◆ **Your instructions**
Starting at the line that contains "Klötzchen Doppel-Laterne Hirsch/Blumen", quote every line through the end of the entries, word for word, skipping the pictures.

____

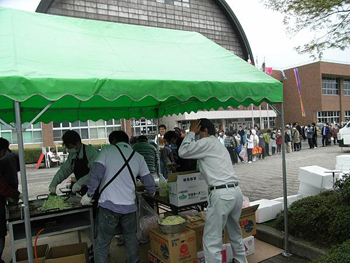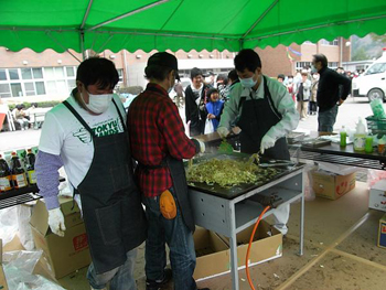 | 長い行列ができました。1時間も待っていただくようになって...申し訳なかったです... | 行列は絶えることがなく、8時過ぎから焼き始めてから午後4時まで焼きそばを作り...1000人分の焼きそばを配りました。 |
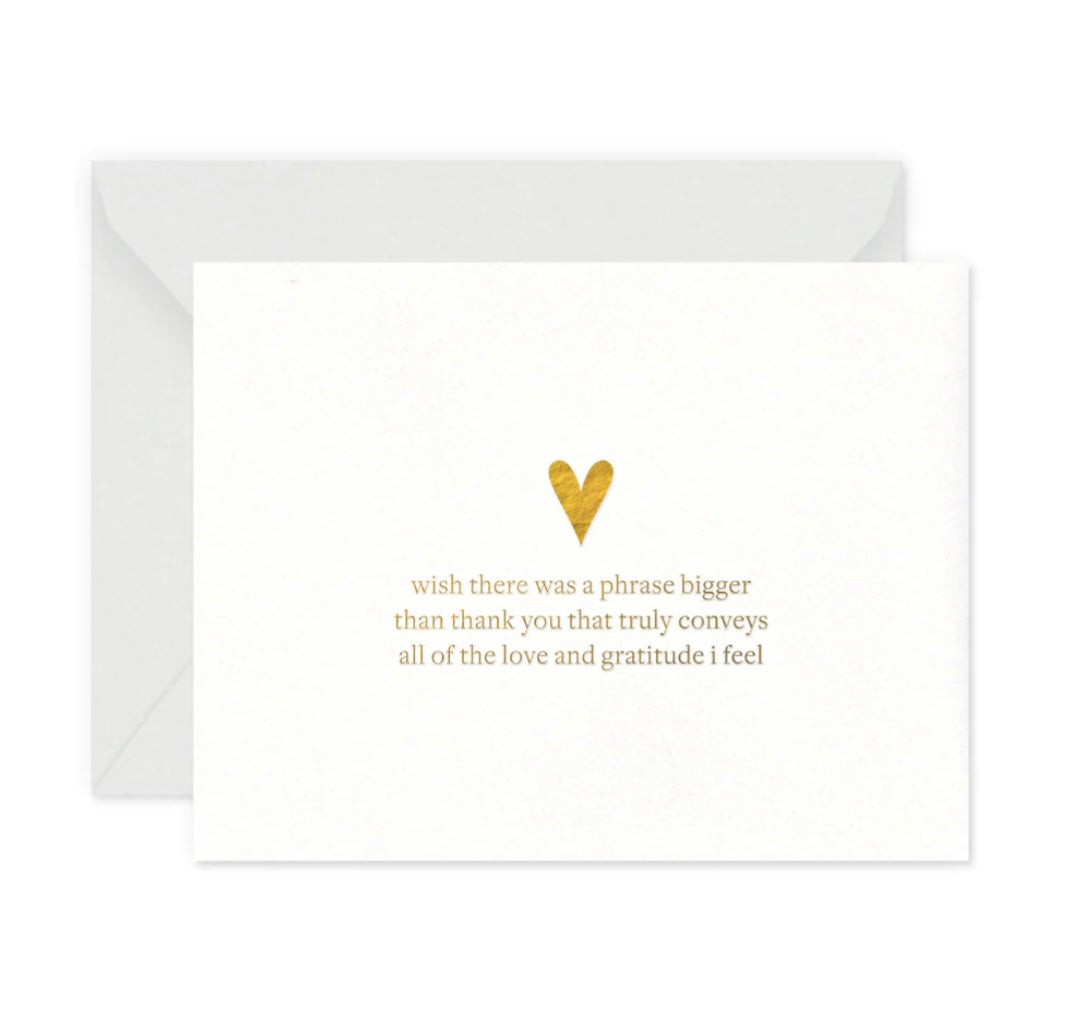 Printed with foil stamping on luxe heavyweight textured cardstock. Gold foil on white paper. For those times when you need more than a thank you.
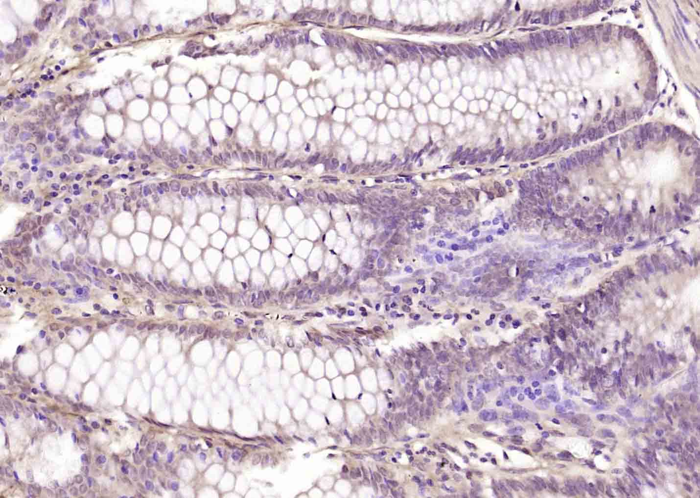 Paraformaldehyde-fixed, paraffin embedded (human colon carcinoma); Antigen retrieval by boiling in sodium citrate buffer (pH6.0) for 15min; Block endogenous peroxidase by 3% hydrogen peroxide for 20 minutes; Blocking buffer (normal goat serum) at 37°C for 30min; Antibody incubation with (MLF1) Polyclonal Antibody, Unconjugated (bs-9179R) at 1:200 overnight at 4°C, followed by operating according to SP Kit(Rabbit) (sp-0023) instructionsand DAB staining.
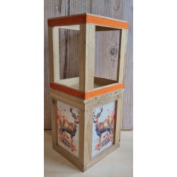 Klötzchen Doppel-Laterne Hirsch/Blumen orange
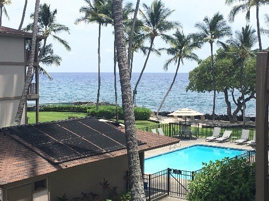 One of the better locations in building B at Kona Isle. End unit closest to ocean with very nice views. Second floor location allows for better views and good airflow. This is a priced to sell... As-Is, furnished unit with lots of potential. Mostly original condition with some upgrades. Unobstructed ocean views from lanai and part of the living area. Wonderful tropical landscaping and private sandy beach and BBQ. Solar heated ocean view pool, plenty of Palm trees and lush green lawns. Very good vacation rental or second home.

____

◆ **Written answer**
 Klötzchen Doppel-Laterne Hirsch/Blumen orange
 One of the better locations in building B at Kona Isle. End unit closest to ocean with very nice views. Second floor location allows for better views and good airflow. This is a priced to sell... As-Is, furnished unit with lots of potential. Mostly original condition with some upgrades. Unobstructed ocean views from lanai and part of the living area. Wonderful tropical landscaping and private sandy beach and BBQ. Solar heated ocean view pool, plenty of Palm trees and lush green lawns. Very good vacation rental or second home.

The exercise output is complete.